Assignment: Give back the lines below exactly, but do not include any pictures.

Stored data
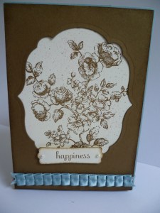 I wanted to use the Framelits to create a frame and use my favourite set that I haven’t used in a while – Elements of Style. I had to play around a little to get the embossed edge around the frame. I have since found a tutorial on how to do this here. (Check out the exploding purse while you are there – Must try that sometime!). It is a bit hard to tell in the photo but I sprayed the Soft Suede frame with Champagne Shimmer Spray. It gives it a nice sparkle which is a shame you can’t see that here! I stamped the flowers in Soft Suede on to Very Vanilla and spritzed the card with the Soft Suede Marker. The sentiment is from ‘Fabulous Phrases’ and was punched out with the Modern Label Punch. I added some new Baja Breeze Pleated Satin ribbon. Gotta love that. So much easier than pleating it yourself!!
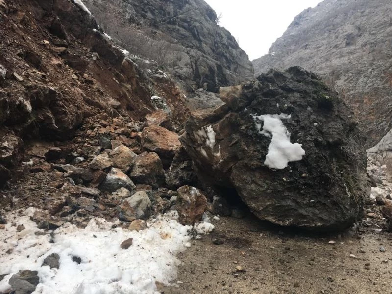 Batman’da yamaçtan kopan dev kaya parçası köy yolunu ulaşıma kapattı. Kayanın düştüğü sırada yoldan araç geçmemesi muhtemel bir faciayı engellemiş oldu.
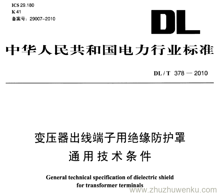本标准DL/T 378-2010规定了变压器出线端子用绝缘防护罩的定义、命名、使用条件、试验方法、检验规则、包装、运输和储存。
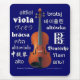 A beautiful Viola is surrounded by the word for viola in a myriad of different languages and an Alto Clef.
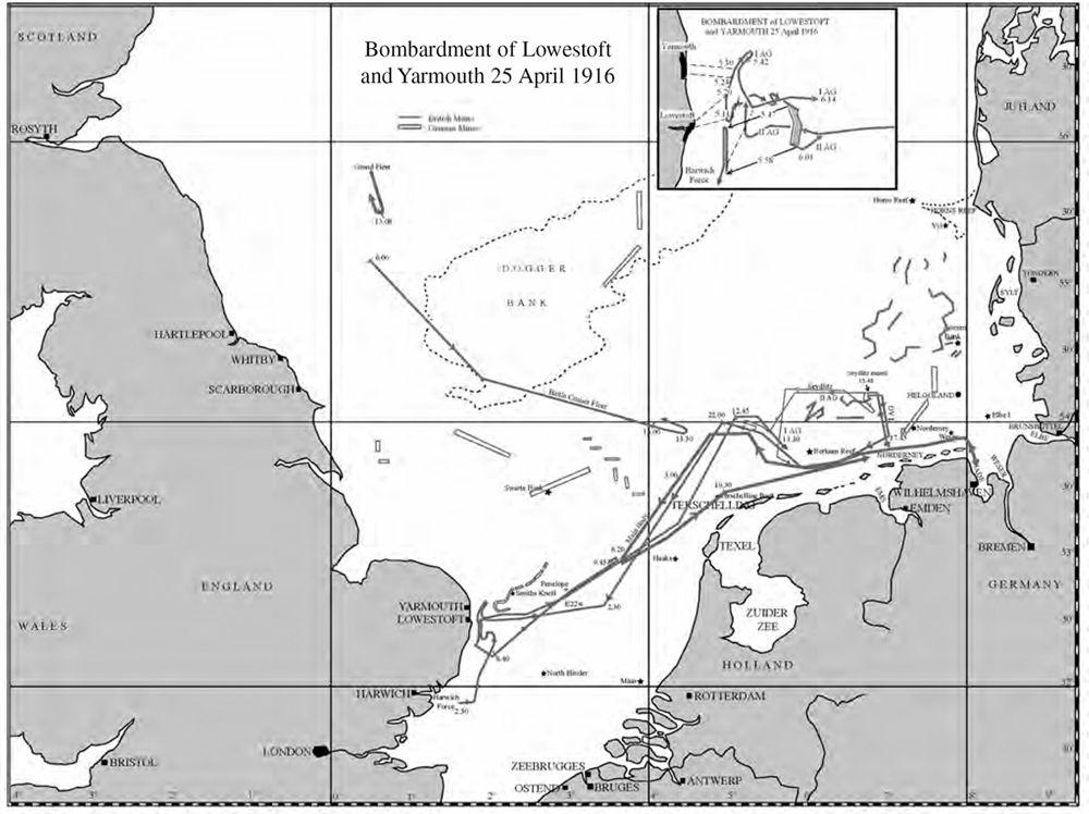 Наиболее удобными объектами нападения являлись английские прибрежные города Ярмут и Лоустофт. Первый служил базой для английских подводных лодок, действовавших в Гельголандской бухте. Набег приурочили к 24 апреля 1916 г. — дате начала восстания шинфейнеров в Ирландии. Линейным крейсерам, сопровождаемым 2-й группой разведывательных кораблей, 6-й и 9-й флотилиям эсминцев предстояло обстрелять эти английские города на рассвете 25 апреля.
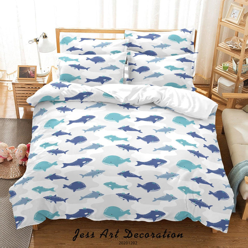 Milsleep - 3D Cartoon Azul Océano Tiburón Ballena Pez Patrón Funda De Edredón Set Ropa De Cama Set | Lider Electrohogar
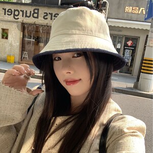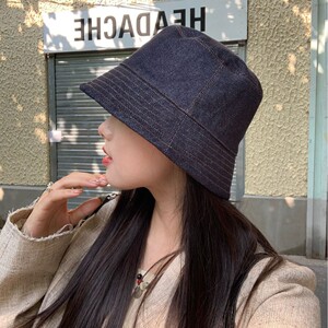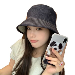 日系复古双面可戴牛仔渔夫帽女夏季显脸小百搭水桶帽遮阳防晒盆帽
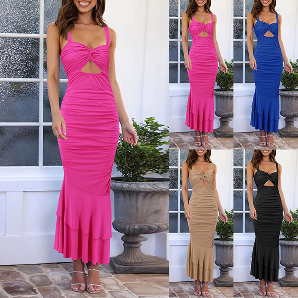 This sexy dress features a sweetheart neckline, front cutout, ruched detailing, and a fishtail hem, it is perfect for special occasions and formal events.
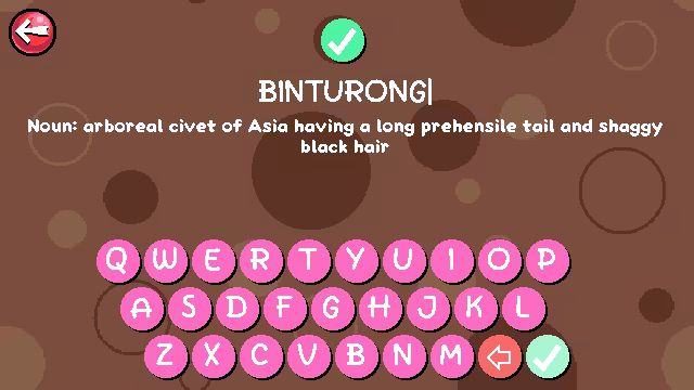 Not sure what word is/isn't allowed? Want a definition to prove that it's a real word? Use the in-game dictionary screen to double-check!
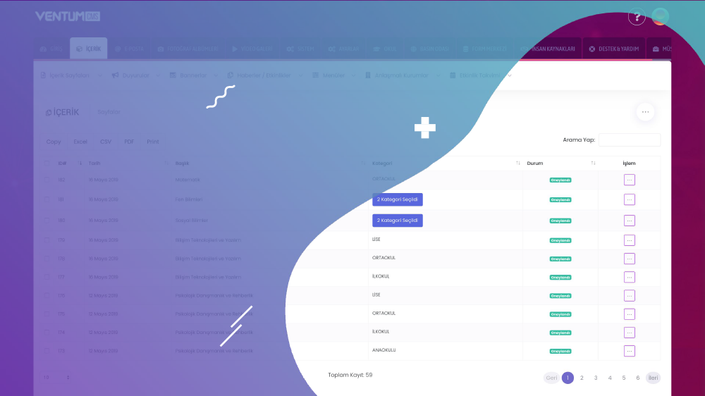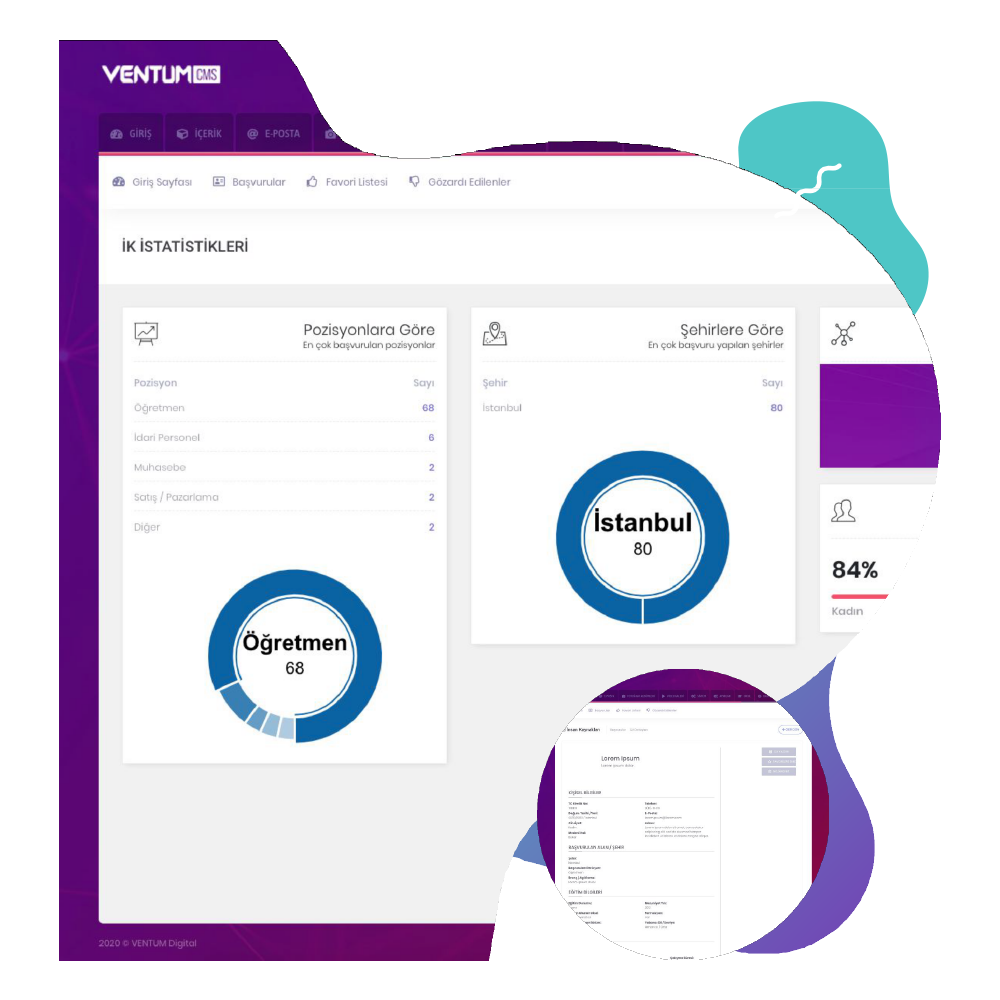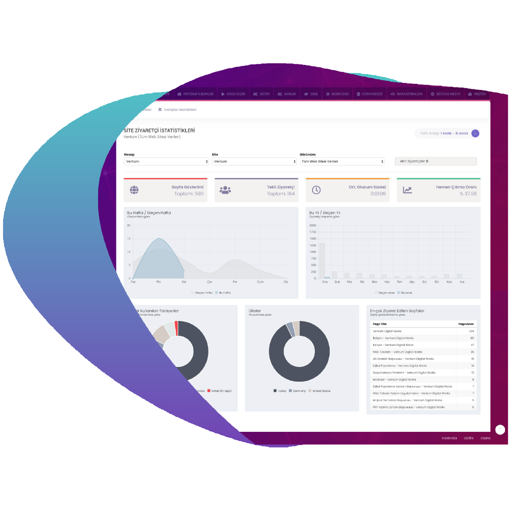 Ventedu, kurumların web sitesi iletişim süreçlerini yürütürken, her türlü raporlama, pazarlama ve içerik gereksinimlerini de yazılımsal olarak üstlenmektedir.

Problem solution:
 I wanted to use the Framelits to create a frame and use my favourite set that I haven’t used in a while – Elements of Style. I had to play around a little to get the embossed edge around the frame. I have since found a tutorial on how to do this here. (Check out the exploding purse while you are there – Must try that sometime!). It is a bit hard to tell in the photo but I sprayed the Soft Suede frame with Champagne Shimmer Spray. It gives it a nice sparkle which is a shame you can’t see that here! I stamped the flowers in Soft Suede on to Very Vanilla and spritzed the card with the Soft Suede Marker. The sentiment is from ‘Fabulous Phrases’ and was punched out with the Modern Label Punch. I added some new Baja Breeze Pleated Satin ribbon. Gotta love that. So much easier than pleating it yourself!!
 Batman’da yamaçtan kopan dev kaya parçası köy yolunu ulaşıma kapattı. Kayanın düştüğü sırada yoldan araç geçmemesi muhtemel bir faciayı engellemiş oldu.
本标准DL/T 378-2010规定了变压器出线端子用绝缘防护罩的定义、命名、使用条件、试验方法、检验规则、包装、运输和储存。
 A beautiful Viola is surrounded by the word for viola in a myriad of different languages and an Alto Clef.
 Наиболее удобными объектами нападения являлись английские прибрежные города Ярмут и Лоустофт. Первый служил базой для английских подводных лодок, действовавших в Гельголандской бухте. Набег приурочили к 24 апреля 1916 г. — дате начала восстания шинфейнеров в Ирландии. Линейным крейсерам, сопровождаемым 2-й группой разведывательных кораблей, 6-й и 9-й флотилиям эсминцев предстояло обстрелять эти английские города на рассвете 25 апреля.
 Milsleep - 3D Cartoon Azul Océano Tiburón Ballena Pez Patrón Funda De Edredón Set Ropa De Cama Set | Lider Electrohogar
 日系复古双面可戴牛仔渔夫帽女夏季显脸小百搭水桶帽遮阳防晒盆帽
 This sexy dress features a sweetheart neckline, front cutout, ruched detailing, and a fishtail hem, it is perfect for special occasions and formal events.
 Not sure what word is/isn't allowed? Want a definition to prove that it's a real word? Use the in-game dictionary screen to double-check!
 Ventedu, kurumların web sitesi iletişim süreçlerini yürütürken, her türlü raporlama, pazarlama ve içerik gereksinimlerini de yazılımsal olarak üstlenmektedir.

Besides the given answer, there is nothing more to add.